+1 on not creating a branch now. Rebasing and maintenance are too expensive, 
comparing of fast development. Some additional thoughts below.

Row-delete feature should be behind a feature flag, which implies that it 
should have minimum impact on Master branch if it is turned off. Working on 
Master avoids the pain of breaking Master at branch merge, which actually works 
at a fail-fast and fail-early mode.

Working on Master Branch will not prevent splitting the feature into small 
items. Instead, it will encourage more people to work it and help the community 
stay focus on Master roadmap.

Finally, if we think about rebasing, it either ends too expensive to rebase or 
easy to rebase. If it is the former case, we should not create a branch because 
it is hard to keep sync with Master. If it is the latter case, it has little 
impact on Master and there is no need to have a branch.

Thanks!

Miao

From: Ryan Blue <rb...@netflix.com.INVALID>
Reply-To: "dev@iceberg.apache.org" <dev@iceberg.apache.org>, 
"rb...@netflix.com" <rb...@netflix.com>
Date: Tuesday, March 31, 2020 at 10:08 AM
To: OpenInx <open...@gmail.com>
Cc: Iceberg Dev List <dev@iceberg.apache.org>
Subject: Re: Open a new branch for row-delete feature ?

I'm fine starting a branch later if we do run into those issues, but I don't 
think it is a good idea to do it now in anticipation. All of the work that we 
can do on master we should try to do on master. We can start a branch when we 
need one.

On Mon, Mar 30, 2020 at 7:44 PM OpenInx 
<open...@gmail.com<mailto:open...@gmail.com>> wrote:
Hi Ryan

The reason I suggest to open a new dev branch for row-delete development is:  
we will split the whole feature into
many small issues and each issue will have a pull request with appropriate 
length of code so the contributors/reviewers
can discuss one point each time and make this feature a faster iteration. In 
the process of implementation, we will ensure
that the v1 works for every separate PR but it may not ready for cutting 
release, for example, when release the 0.8.0 I'm
sure we won't like the release version contains part of the v2 spec(such as 
provide the sequence_number, but no file_type).
The spark reader/writer and data/delete manifest may also need some code 
refactor, it's possible to put them into several PR.
Splitting into multiple Pull Requests may block the release of the new version 
for a certain period of time, that's not we want
to see.

About the new branch maintenance, in my experience we could rebase the new 
branch with master periodly(such as rebase
for every three days), so that the new pull request for row-delete will be 
designed based on the newest changes. It should work
for the master which would not have too many new change. This is in line with 
our current situation.

In this case, I weighed the maintenance costs of the new branch against the 
delay of the row-delete. I think we should let the
row-delete go a little faster (almost all community users are looking forward 
to this feature), and I think the current maintenance
cost is acceptable.

Thanks

On Tue, Mar 31, 2020 at 5:52 AM Ryan Blue <rb...@netflix.com.invalid> wrote:
Sorry, I didn't address the suggestion to add a Flink branch as well. The work 
needed for the Flink sink is to remove parts that are specific to Netflix, so 
I'm not sure what the rationale for a branch would be. Is there a reason why 
this can't be done in master, but requires a shared branch? If multiple people 
want to contribute, why not contribute to the same PR?

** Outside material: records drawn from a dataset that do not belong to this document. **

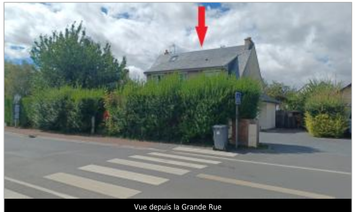
Vue depuis la Grande Rue

Coordonnées WGS84 : X: -0.38764575 / Y: 49.15864100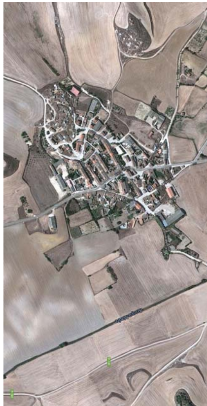
VILLAHÁN. ORTOFOTO AEREA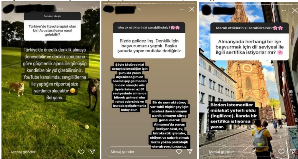
Bazı Katılımcıların Profillerinde Gerçekleştirdikleri Soru-Cevap Etkinliği

Katılımcılardan 10'u göç etmek isteyen kişilerden göç süreçleriyle ve göç ettikleri ülkeyle ilgili sorular aldıklarını ve bu kişilerin sorularını cevaplayarak onlara destek olduklarını belirtmişlerdir. Katılımcılardan GK-16 ve GK-23'ün ifadeleri şu şekildedir: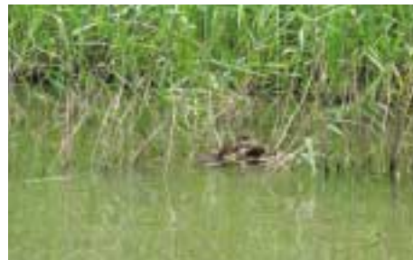
琵琶湖に生える葦

日本全国にある湖沼や河川に群生する葦は、水の汚れの原因となるリンや窒素の吸収率が高く、建材や葦簀(よしず)として利用されてきました。葦は1本で2トンの水を浄化する能力があると言われていましたが、近年では生活環境の変化などにより、有効活用が進んでいませんでした。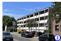
Tönisstraße 42/44 - Graudenz Str. 3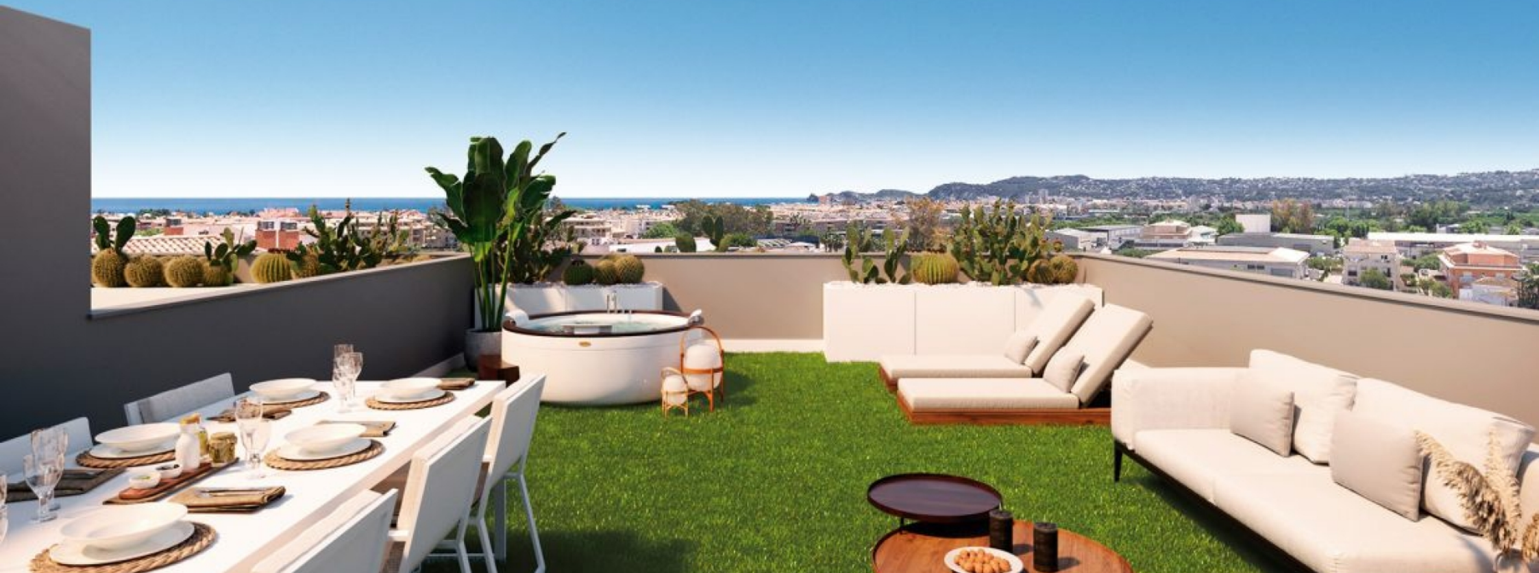
Nuevo residencial Essencial Jávea, apartamento en planta primera de obra nueva. CENTRO CIUDAD, JÁVEA/XÀBIA - REF. EB1-29

A shared PR branch makes the most sense to me for this because it is regularly 
tested against master.

On Mon, Mar 30, 2020 at 2:48 PM Ryan Blue 
<rb...@netflix.com<mailto:rb...@netflix.com>> wrote:
I think we will eventually may want a branch, but I think it is too early to 
create one now.

Branches are expensive. They require maintenance to stay in sync with master, 
usually copying changes from master into the branch with updates. Updating the 
changes to master for the branch is more difficult because it is usually not 
the original contributor or reviewer porting them. And it is better to catch 
problems between changes in master and the branch early.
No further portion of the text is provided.